Task objective
Because only the text is wanted, repeat the records below exactly and omit the pictures.

Supplied information
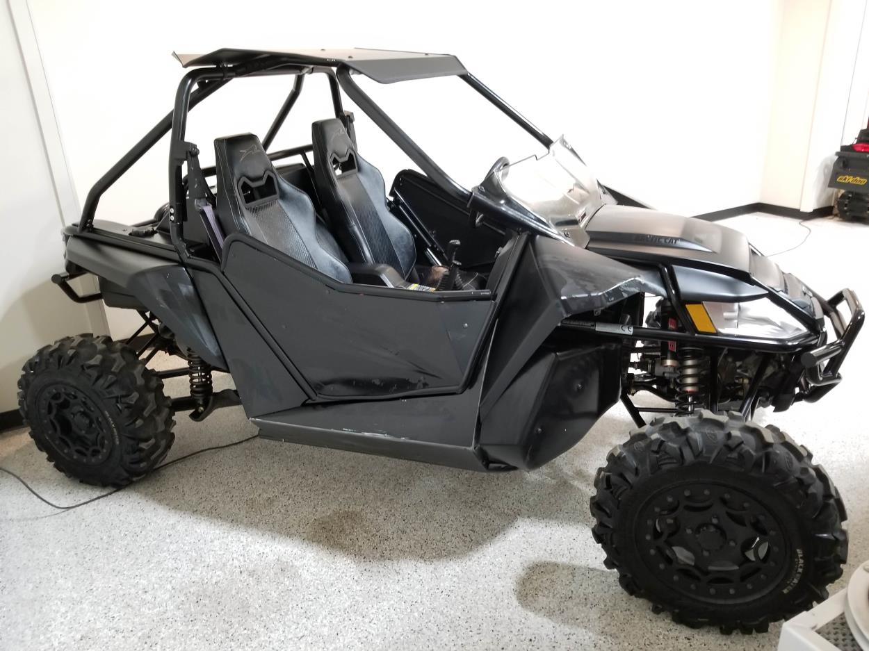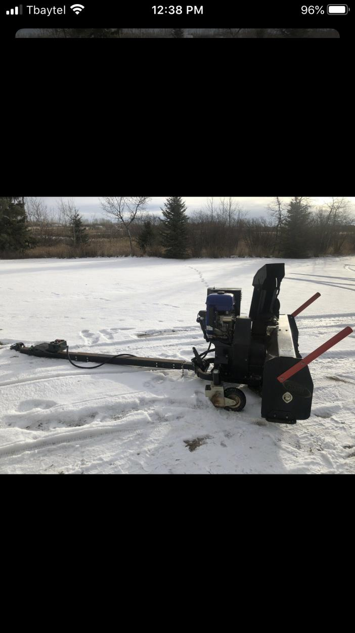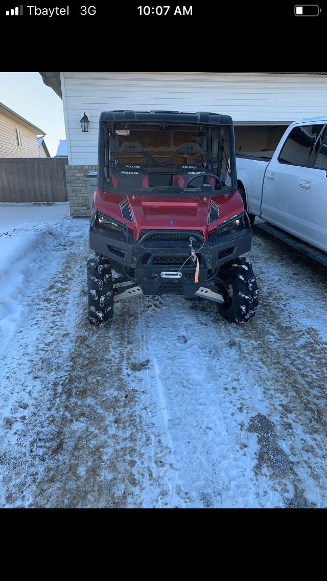 1-four seater sidexside, 1-125cc quad, 2-kids electric cars which are stacked, 1-atv trailer which is standing on end on pallet and 1-polaris hyd snow blade.
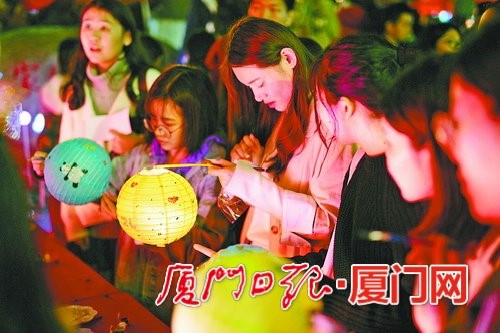 这也是厦大第一次举办元宵灯会,让刚刚开学的学生又惊又喜。晚上七点过后,三家村就人潮涌动,现场不仅有花灯,还有剪纸、踩高跷、舞狮舞龙、猜谜等民俗活动。
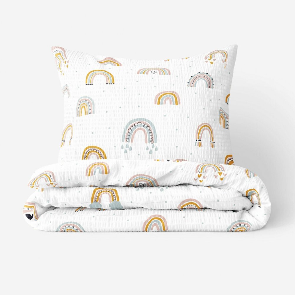 Povlečení s motivem barevných malovaných duh vykouzlí úsměv na tváři vašim dětem a bude krásnou ozdobou dětské postele. Podkladem povlečení je bílá barva.
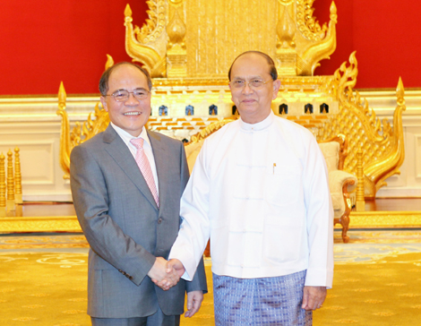 Chủ tịch Quốc hội Nguyễn Sinh Hùng chào xã giao Tổng thống Myanmar U Thein Sein. Ảnh: Nhan Sáng/TTXVN |
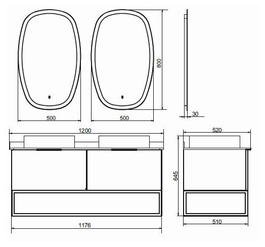 | Комплектация | раковина - 2 шт; тумба; фурнитура; столешница |
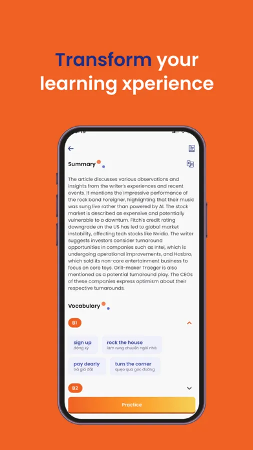 - Enhance your comprehension with our AI: provide summary, notable vocabulary, and a quick test to revise
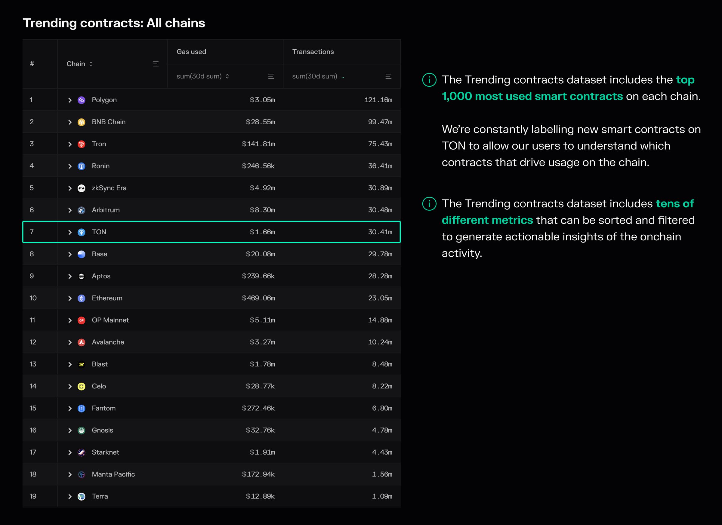 Further, we enable analysts to understand which market sectors, projects, and contracts drive usage on TON.
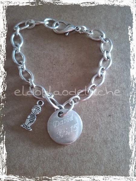 Pulsera con búho y lolita graduada y medallas formando el nombre.
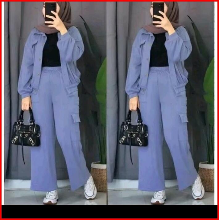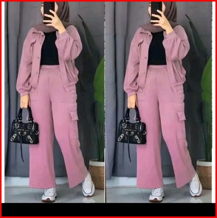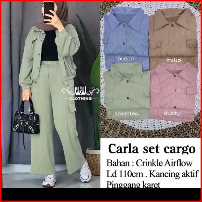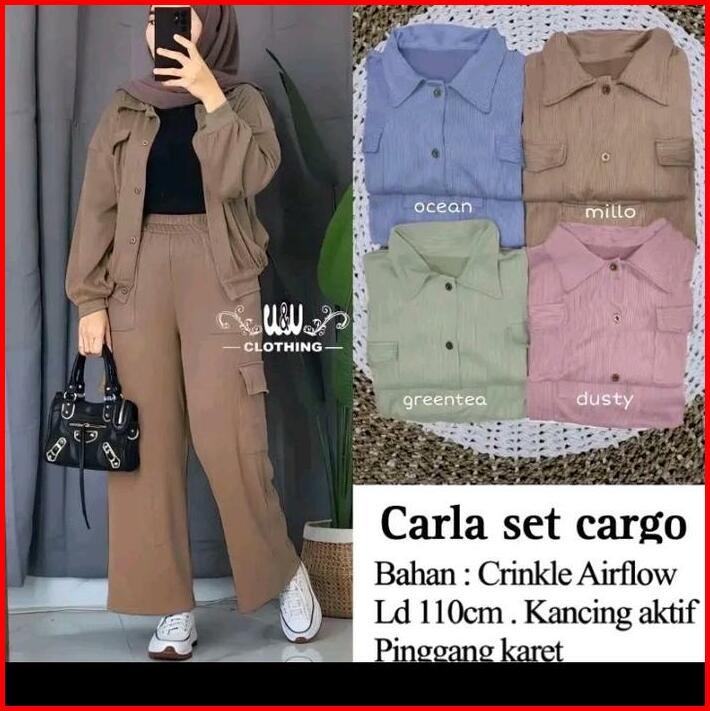 Carla Set Cargo Bahan Cringkle Setelan Cargo Saku Wanita Carla Set Cardigan Kancing Muslim Airflow Baju Celana Panjang
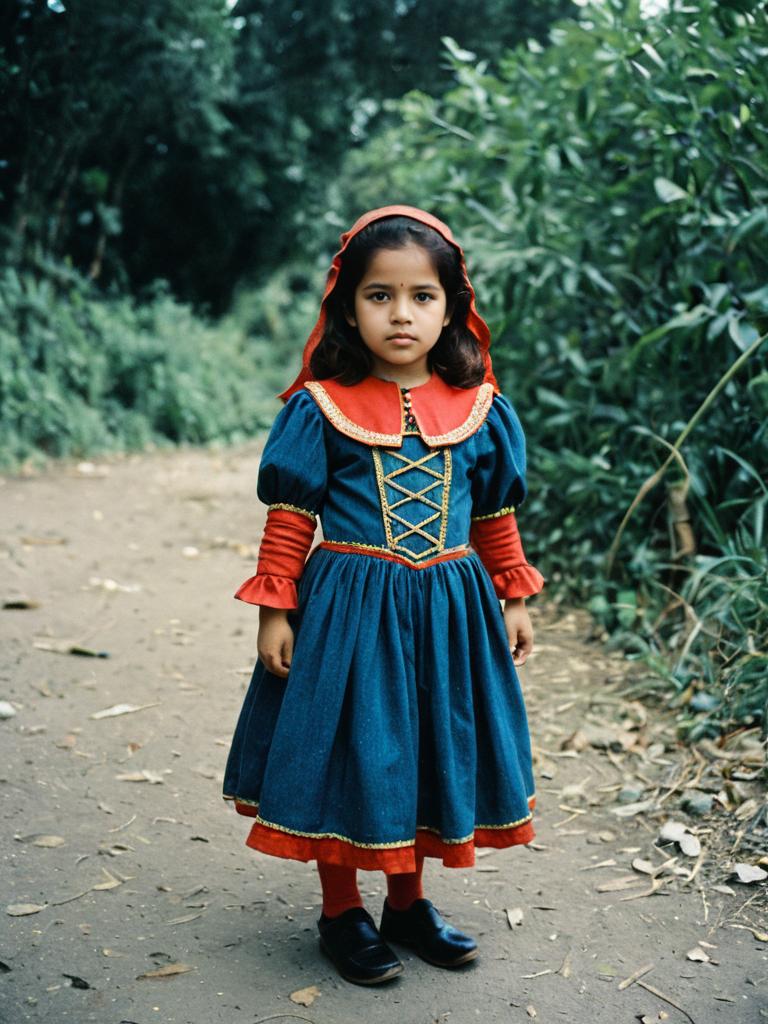 Child in Rosita Costume, photorealistic outdoor portrait, daylight
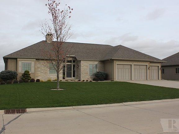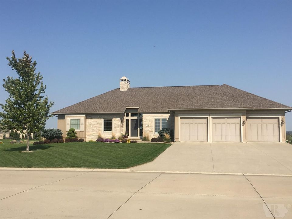 Welcome to one of the most gorgeous views of The Ridge golf course! This property is set in a prime position on #18 and has an abundance of quality and endless custom features. 4 bedrooms, 3 1/2 baths, main floor office and a tremendous living space you need to see to appreciate! Custom cherry cabinetry throughout the home, compliments of Jay Brink. Chiseled travertine tile throughout the kitchen, dining, laundry and guest bathroom. A spacious kitchen with a wall of cabinet storage and with a view that anyone would be willing to do dishes. Granite countertops, GE Profile appliances, gas stove top and double ovens. Pella windows with custom blinds, central vac, gas fireplace, main floor office with storage to be used for office or bedroom. Main floor view of course and horizon take your breath away, GORGEOUS sunrises! A large master suite with ample bedroom space, double walk-in closet, dual vanity, large whirlpool tub and a walk-in tiled shower. Basement is loaded!
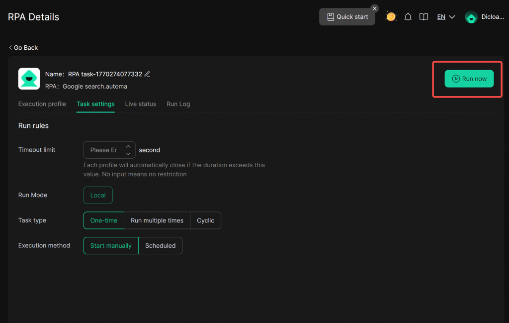 In the “Task Settings” module, you can edit the running rules of the current task. For the tutorial on using specific parameters, you can click to view . After completing the settings, click [Run Now].

Reply to the task
 1-four seater sidexside, 1-125cc quad, 2-kids electric cars which are stacked, 1-atv trailer which is standing on end on pallet and 1-polaris hyd snow blade.
 这也是厦大第一次举办元宵灯会,让刚刚开学的学生又惊又喜。晚上七点过后,三家村就人潮涌动,现场不仅有花灯,还有剪纸、踩高跷、舞狮舞龙、猜谜等民俗活动。
 Povlečení s motivem barevných malovaných duh vykouzlí úsměv na tváři vašim dětem a bude krásnou ozdobou dětské postele. Podkladem povlečení je bílá barva.
 Chủ tịch Quốc hội Nguyễn Sinh Hùng chào xã giao Tổng thống Myanmar U Thein Sein. Ảnh: Nhan Sáng/TTXVN |
 | Комплектация | раковина - 2 шт; тумба; фурнитура; столешница |
 - Enhance your comprehension with our AI: provide summary, notable vocabulary, and a quick test to revise
 Further, we enable analysts to understand which market sectors, projects, and contracts drive usage on TON.
 Pulsera con búho y lolita graduada y medallas formando el nombre.
 Carla Set Cargo Bahan Cringkle Setelan Cargo Saku Wanita Carla Set Cardigan Kancing Muslim Airflow Baju Celana Panjang
 Child in Rosita Costume, photorealistic outdoor portrait, daylight
 Welcome to one of the most gorgeous views of The Ridge golf course! This property is set in a prime position on #18 and has an abundance of quality and endless custom features. 4 bedrooms, 3 1/2 baths, main floor office and a tremendous living space you need to see to appreciate! Custom cherry cabinetry throughout the home, compliments of Jay Brink. Chiseled travertine tile throughout the kitchen, dining, laundry and guest bathroom. A spacious kitchen with a wall of cabinet storage and with a view that anyone would be willing to do dishes. Granite countertops, GE Profile appliances, gas stove top and double ovens. Pella windows with custom blinds, central vac, gas fireplace, main floor office with storage to be used for office or bedroom. Main floor view of course and horizon take your breath away, GORGEOUS sunrises! A large master suite with ample bedroom space, double walk-in closet, dual vanity, large whirlpool tub and a walk-in tiled shower. Basement is loaded!
 In the “Task Settings” module, you can edit the running rules of the current task. For the tutorial on using specific parameters, you can click to view . After completing the settings, click [Run Now].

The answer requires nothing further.